### DIRECTIONS
Each entry is to be retyped exactly as it appears, and each image is to be dropped.

- Opening Delimiter -

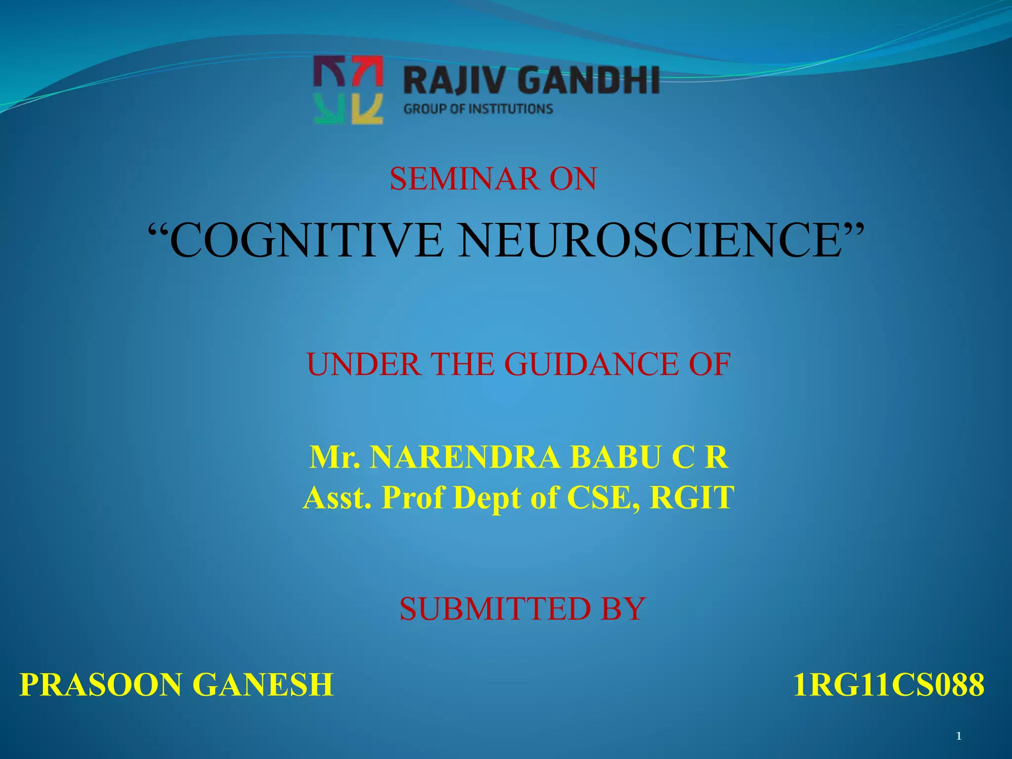 This document outlines the agenda and content for a seminar on cognitive neuroscience. It introduces cognitive neuroscience as the study of biological substrates underlying cognition, focusing on the neural substrate of mental processes. It discusses the basic unit of the brain (the neuron), cognition, neurocognition, areas of the brain like the hippocampus and prefrontal cortex. It also outlines methods used to study cognition like psychophysics, EEG, fMRI, and transcranial magnetic stimulation. The seminar aims to provide an understanding of how psychological/cognitive functions are produced by neural circuits in the brain.
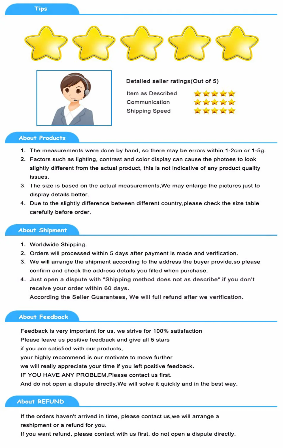 4.We will bear all the shipping cost if the item is not a advertised.
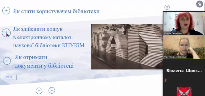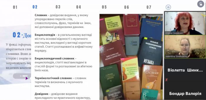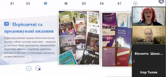 Під час відео-конференції Олена Олексіївна представила студентам та науково-педагогічним працівникам Факультету музичного мистецтва Інтерактивний інформаційний модуль «Музичні документи у фонді Наукової бібліотеки КНУКіМ» та охарактеризувала його 6 основних структурних частин.
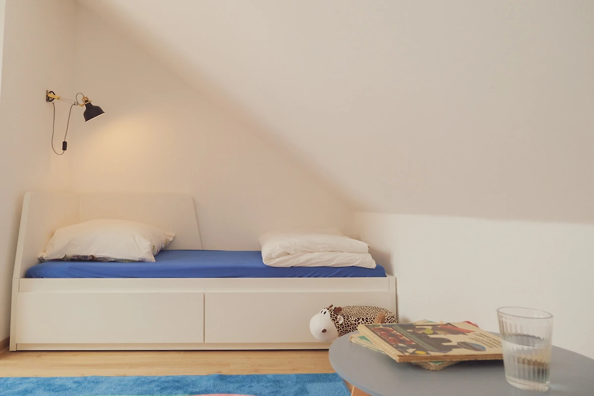 In unserem abschliessbaren Fahrradraum mit Stromanschluss könnt Ihr auch Euren Kinderwagen sicher verwahren. Und selbstverständlich gibt es für unsere Gäste freies WLAN. Direkt vor dem Haus könnt Ihr problemlos parken.
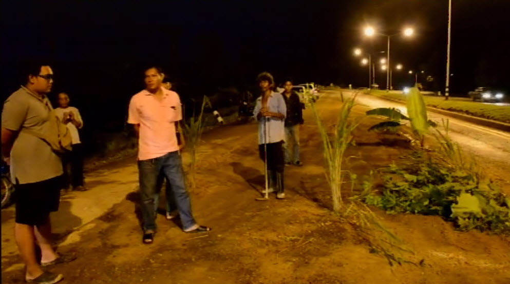 พนักงานของบริษัทผู้รับเหมาบอกว่า ถนนจุดดังกล่าวเกิดการยุบตัว อยู่ระหว่างการซ่อม โดยนำดินมาอัด แต่เนื่องจากมีรถวิ่งตลอดเวลา ทำให้เกิดหลุมขนาดใหญ่ขึ้น. – สำนักข่าวไทย
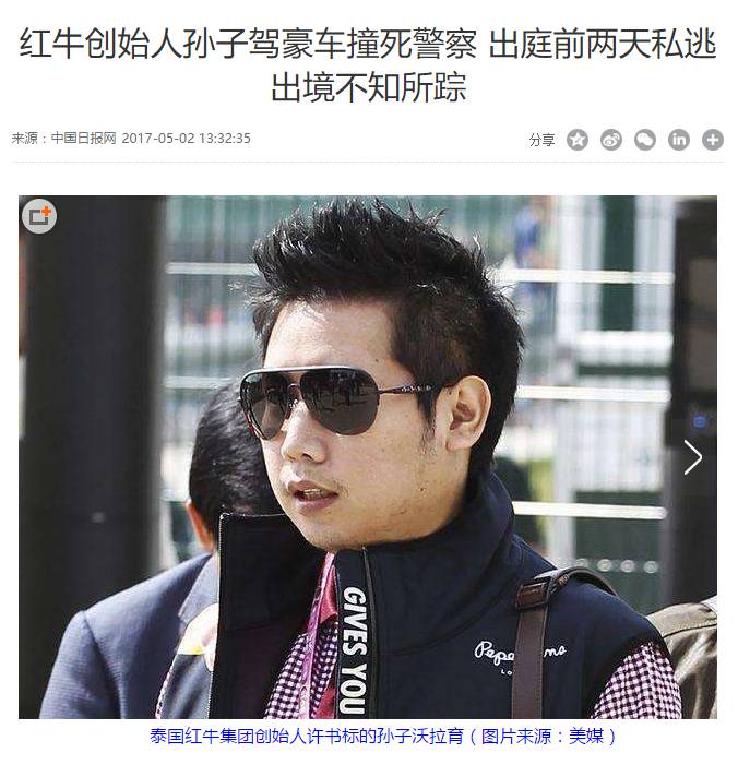 据美联社今年3月报道,2012年9月3日,红牛集团创始人许书标的孙子沃拉育驾驶一辆法拉利肇事逃逸,被他撞死的是一名泰国警察,尸体被弃置在曼谷一条街上,几个小时后才被发现。
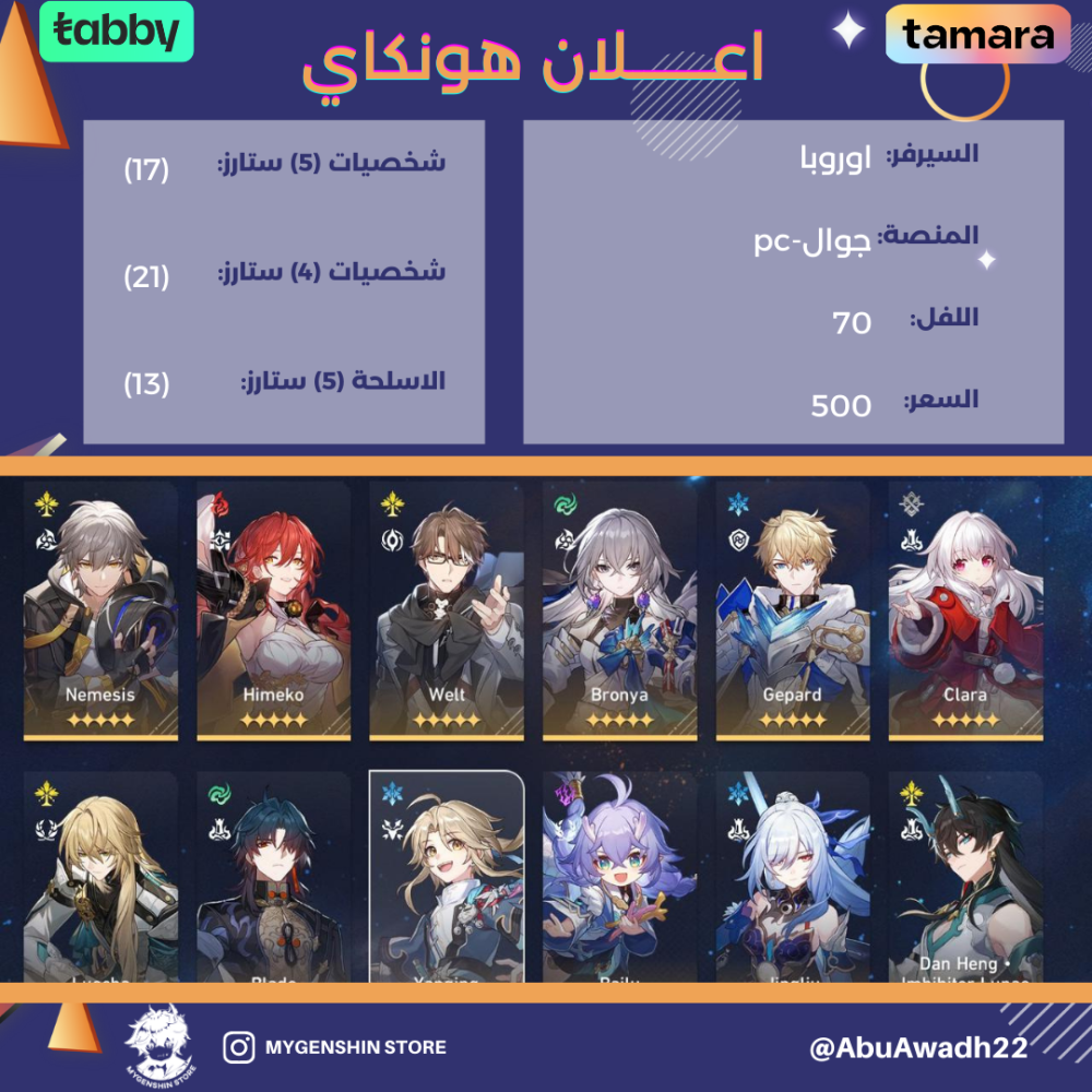 (AbuAwadh22) حساب سيرفر اوروبا لفل 70يحتوي(17 شخصية)
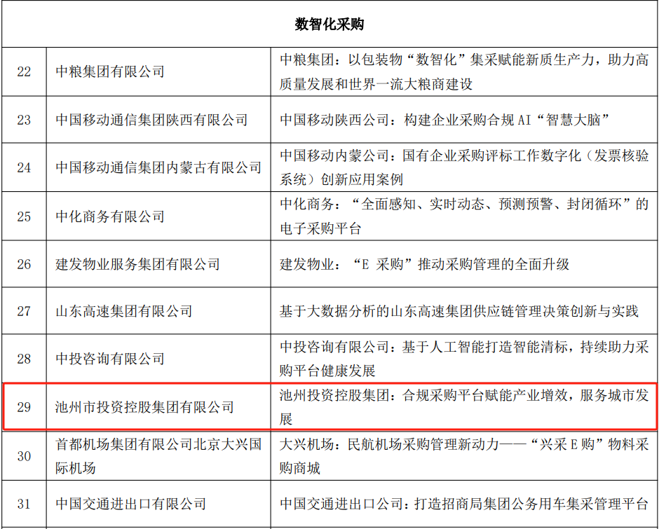 近日,中國物流與采購聯合會公共采購分會面向國企采購領域征集優(yōu)秀案例活動公布了評審結果,池州市投資控股集團有限公司合規(guī)采購平臺以“合規(guī)采購平臺賦能產業(yè)增效,服務城市發(fā)展”為題,獲評2024年度全國公共采購數智化采購優(yōu)秀案例。
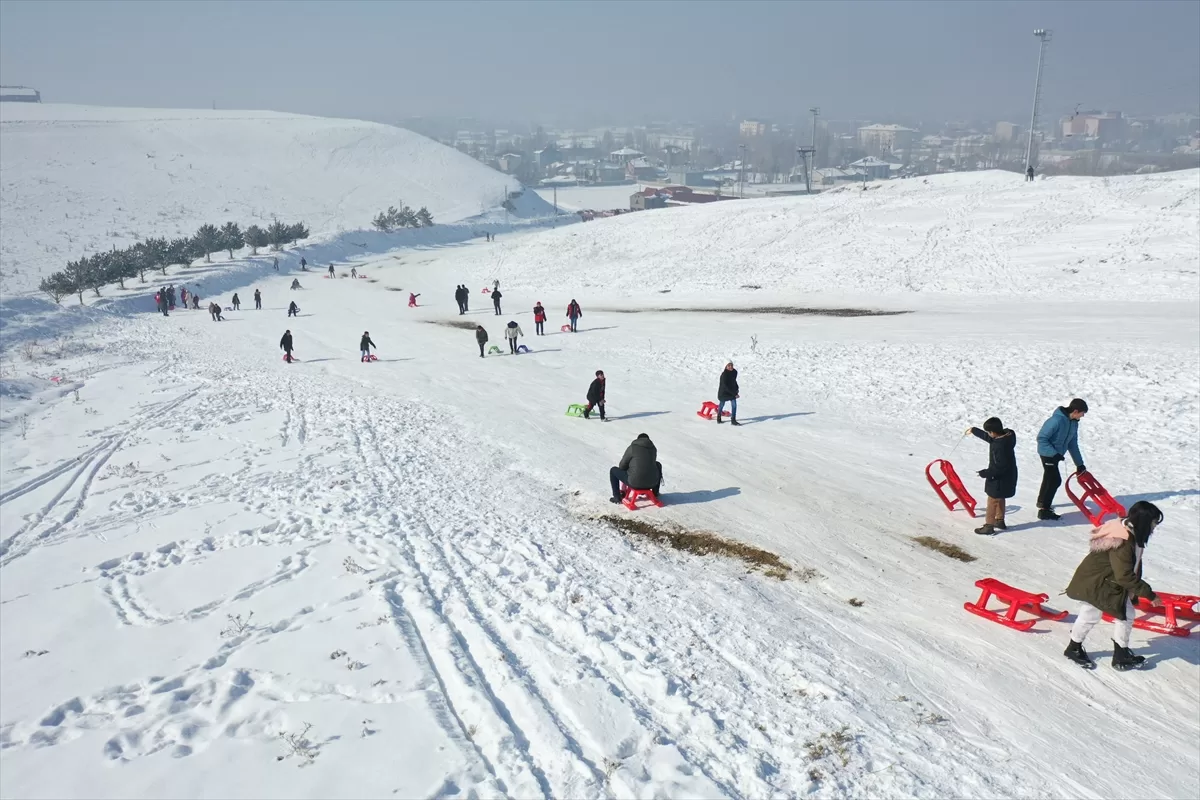 AĞRI (AA) – Ağrı'da, Türk Kızılay gönüllülerince Küpkıran Kayak Merkezi'ne getirilen yetim çocuklar, kızakla kayarak eğlenceli anlar yaşadı.

- Closing Delimiter -

### YOUR RESPONSE
 This document outlines the agenda and content for a seminar on cognitive neuroscience. It introduces cognitive neuroscience as the study of biological substrates underlying cognition, focusing on the neural substrate of mental processes. It discusses the basic unit of the brain (the neuron), cognition, neurocognition, areas of the brain like the hippocampus and prefrontal cortex. It also outlines methods used to study cognition like psychophysics, EEG, fMRI, and transcranial magnetic stimulation. The seminar aims to provide an understanding of how psychological/cognitive functions are produced by neural circuits in the brain.
 4.We will bear all the shipping cost if the item is not a advertised.
 Під час відео-конференції Олена Олексіївна представила студентам та науково-педагогічним працівникам Факультету музичного мистецтва Інтерактивний інформаційний модуль «Музичні документи у фонді Наукової бібліотеки КНУКіМ» та охарактеризувала його 6 основних структурних частин.
 In unserem abschliessbaren Fahrradraum mit Stromanschluss könnt Ihr auch Euren Kinderwagen sicher verwahren. Und selbstverständlich gibt es für unsere Gäste freies WLAN. Direkt vor dem Haus könnt Ihr problemlos parken.
 พนักงานของบริษัทผู้รับเหมาบอกว่า ถนนจุดดังกล่าวเกิดการยุบตัว อยู่ระหว่างการซ่อม โดยนำดินมาอัด แต่เนื่องจากมีรถวิ่งตลอดเวลา ทำให้เกิดหลุมขนาดใหญ่ขึ้น. – สำนักข่าวไทย
 据美联社今年3月报道,2012年9月3日,红牛集团创始人许书标的孙子沃拉育驾驶一辆法拉利肇事逃逸,被他撞死的是一名泰国警察,尸体被弃置在曼谷一条街上,几个小时后才被发现。
 (AbuAwadh22) حساب سيرفر اوروبا لفل 70يحتوي(17 شخصية)
 近日,中國物流與采購聯合會公共采購分會面向國企采購領域征集優(yōu)秀案例活動公布了評審結果,池州市投資控股集團有限公司合規(guī)采購平臺以“合規(guī)采購平臺賦能產業(yè)增效,服務城市發(fā)展”為題,獲評2024年度全國公共采購數智化采購優(yōu)秀案例。
 AĞRI (AA) – Ağrı'da, Türk Kızılay gönüllülerince Küpkıran Kayak Merkezi'ne getirilen yetim çocuklar, kızakla kayarak eğlenceli anlar yaşadı.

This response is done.